DATASET EXCERPTS:
+ + + + +

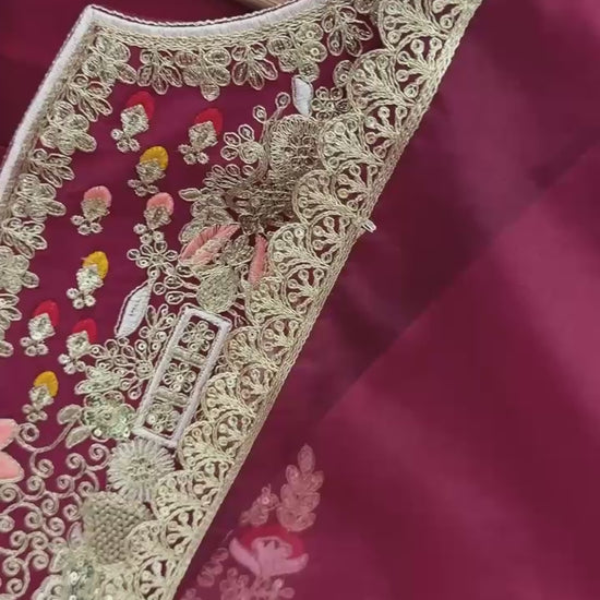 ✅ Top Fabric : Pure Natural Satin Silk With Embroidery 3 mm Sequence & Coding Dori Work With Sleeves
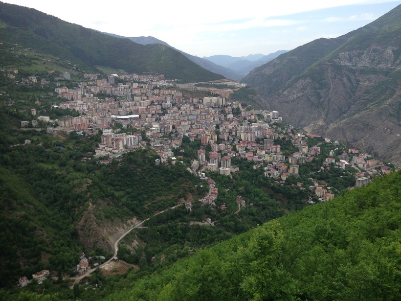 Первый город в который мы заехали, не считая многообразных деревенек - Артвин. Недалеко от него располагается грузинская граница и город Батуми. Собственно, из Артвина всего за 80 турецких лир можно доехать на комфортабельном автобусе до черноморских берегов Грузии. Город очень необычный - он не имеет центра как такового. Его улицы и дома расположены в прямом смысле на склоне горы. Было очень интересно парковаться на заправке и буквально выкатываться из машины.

+ + + + +

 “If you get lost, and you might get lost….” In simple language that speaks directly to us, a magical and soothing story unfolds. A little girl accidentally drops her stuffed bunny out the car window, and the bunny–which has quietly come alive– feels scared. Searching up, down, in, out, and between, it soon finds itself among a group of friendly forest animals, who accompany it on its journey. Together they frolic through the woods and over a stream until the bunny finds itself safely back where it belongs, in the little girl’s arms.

+ + + + +

ASSIGNED TASK:
Output exactly, and only, the lines of the entries above from the one with "Work With Sleeves" up to and including the one with "Первый город в"; pictures are to be left out.

RESULT BELOW:
 ✅ Top Fabric : Pure Natural Satin Silk With Embroidery 3 mm Sequence & Coding Dori Work With Sleeves
 Первый город в который мы заехали, не считая многообразных деревенек - Артвин. Недалеко от него располагается грузинская граница и город Батуми. Собственно, из Артвина всего за 80 турецких лир можно доехать на комфортабельном автобусе до черноморских берегов Грузии. Город очень необычный - он не имеет центра как такового. Его улицы и дома расположены в прямом смысле на склоне горы. Было очень интересно парковаться на заправке и буквально выкатываться из машины.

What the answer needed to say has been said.